╭──

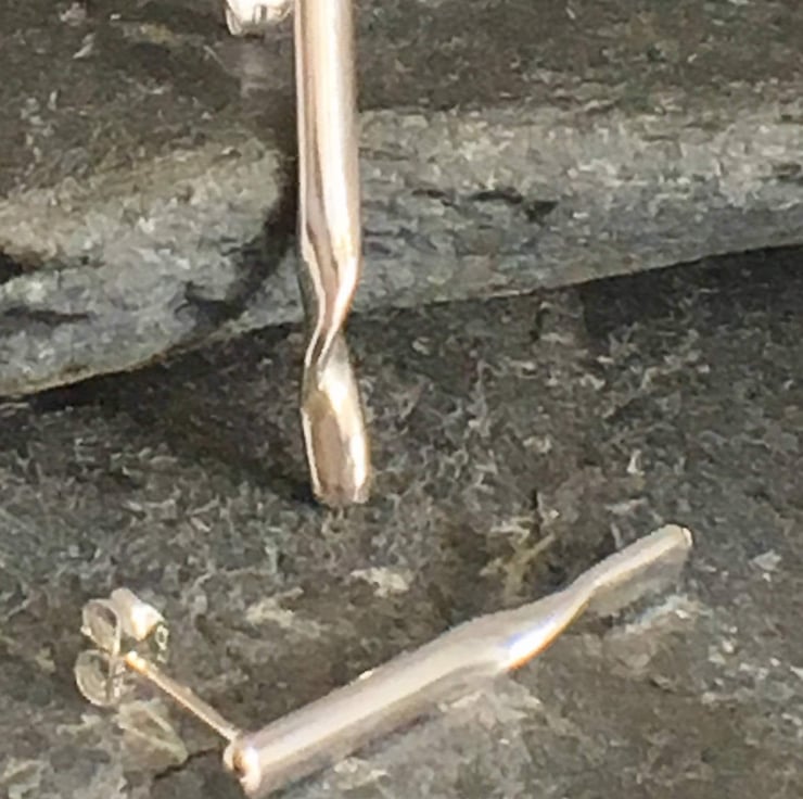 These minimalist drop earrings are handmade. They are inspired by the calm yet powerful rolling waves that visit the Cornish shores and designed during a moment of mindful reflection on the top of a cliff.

╰──
╭──

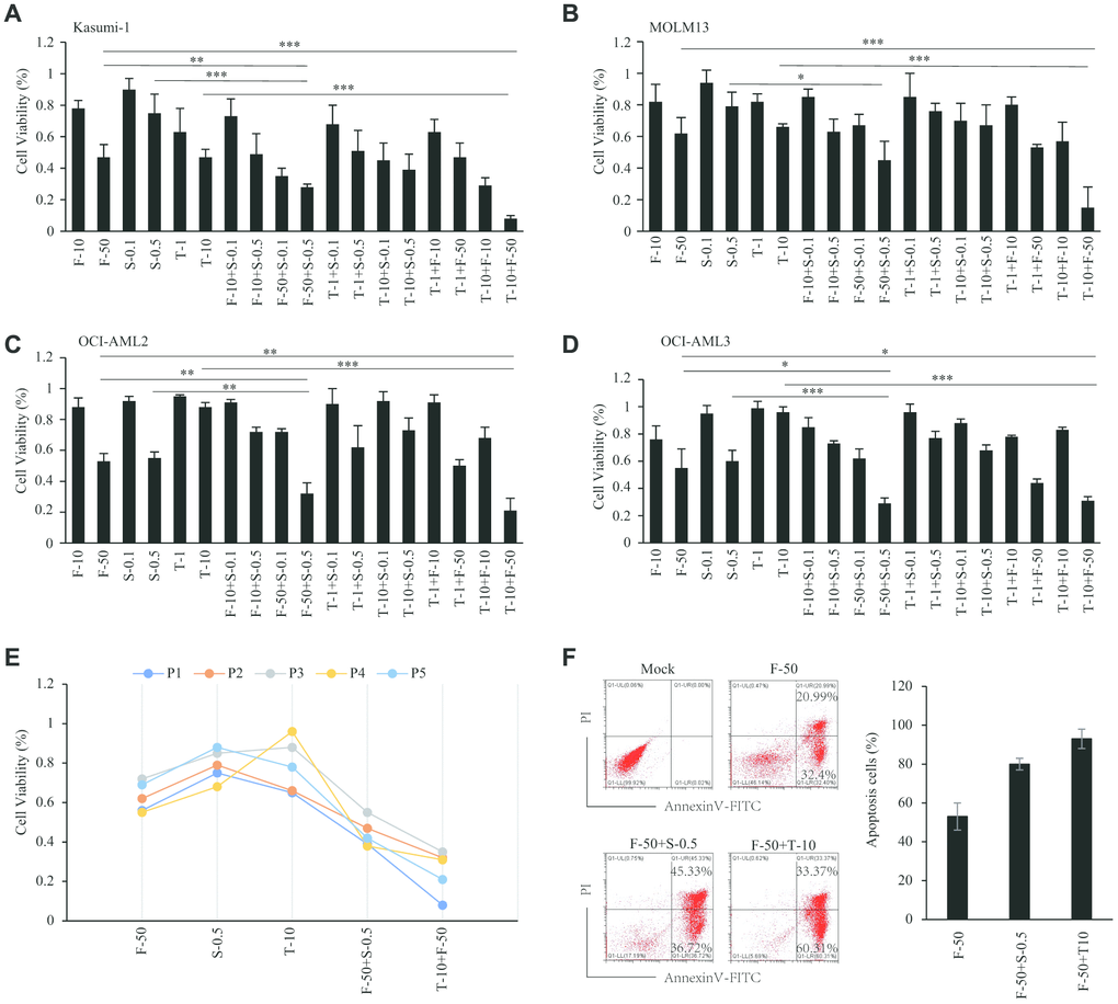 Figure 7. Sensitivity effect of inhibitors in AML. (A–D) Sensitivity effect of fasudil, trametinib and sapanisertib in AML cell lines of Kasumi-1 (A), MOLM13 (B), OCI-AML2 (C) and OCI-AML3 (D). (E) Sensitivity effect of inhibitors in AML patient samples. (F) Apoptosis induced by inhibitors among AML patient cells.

╰──
╭──

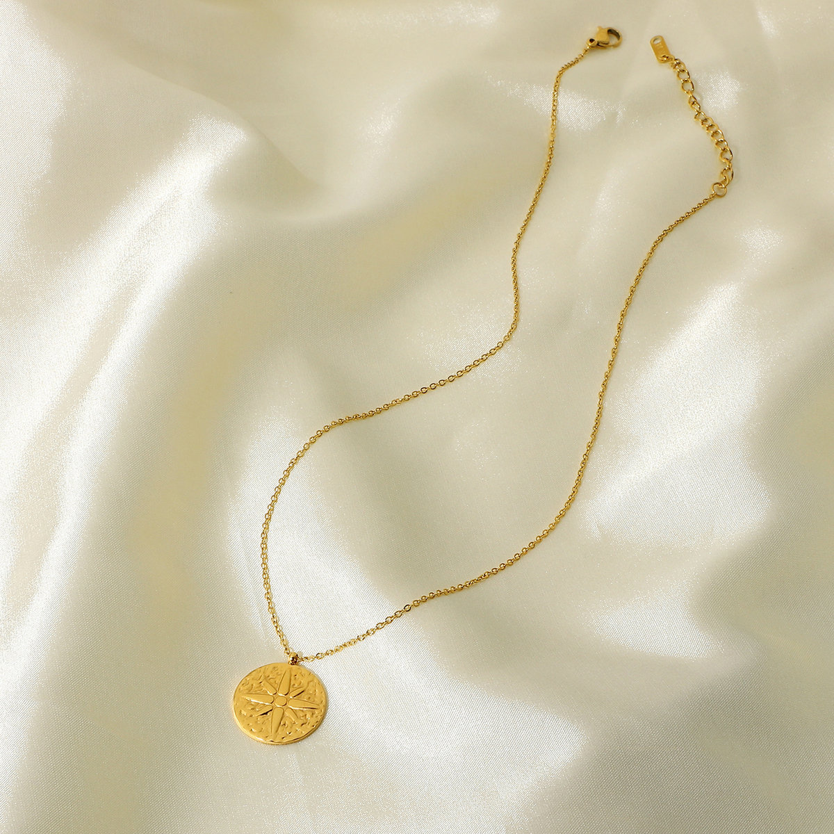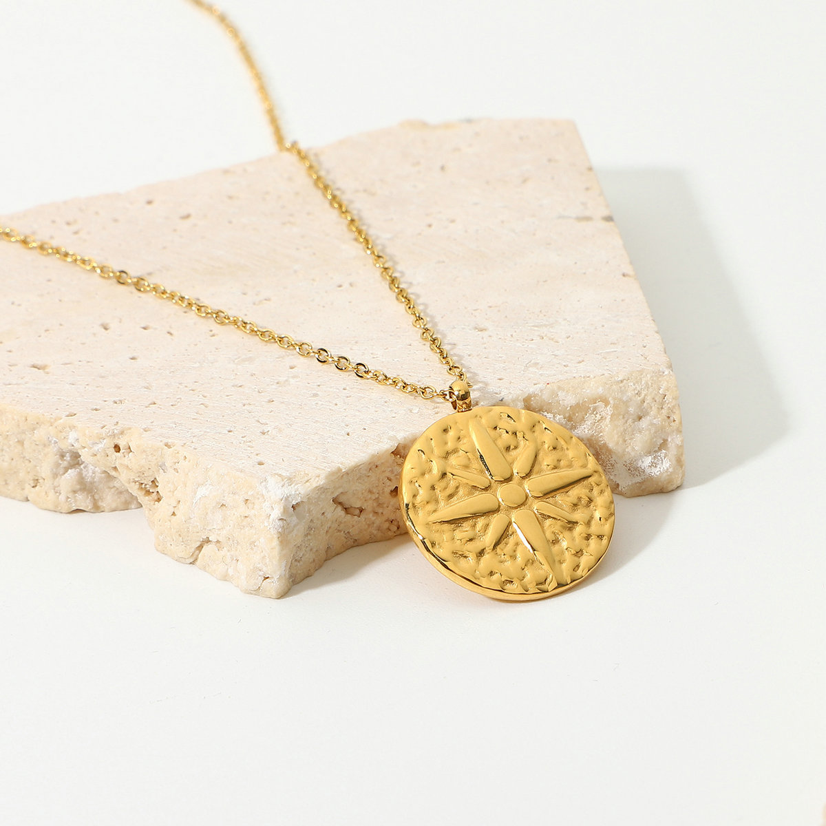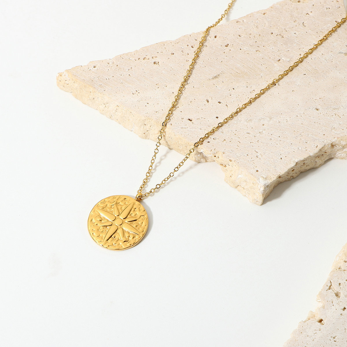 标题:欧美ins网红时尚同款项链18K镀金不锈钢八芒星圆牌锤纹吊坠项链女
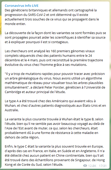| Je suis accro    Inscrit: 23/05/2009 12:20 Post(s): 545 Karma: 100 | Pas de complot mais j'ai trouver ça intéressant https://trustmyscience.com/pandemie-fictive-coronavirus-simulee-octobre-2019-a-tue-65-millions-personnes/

╰──

- _Work task_: Output only the stretch above from the line with "标题:欧美ins网红时尚同款项链18K镀金不锈钢八芒星圆牌锤纹吊坠项链女" through the line with "Je suis accro", reproduced exactly. Exclude pictures.

- _Task answer_:
 标题:欧美ins网红时尚同款项链18K镀金不锈钢八芒星圆牌锤纹吊坠项链女
| Je suis accro    Inscrit: 23/05/2009 12:20 Post(s): 545 Karma: 100 | Pas de complot mais j'ai trouver ça intéressant https://trustmyscience.com/pandemie-fictive-coronavirus-simulee-octobre-2019-a-tue-65-millions-personnes/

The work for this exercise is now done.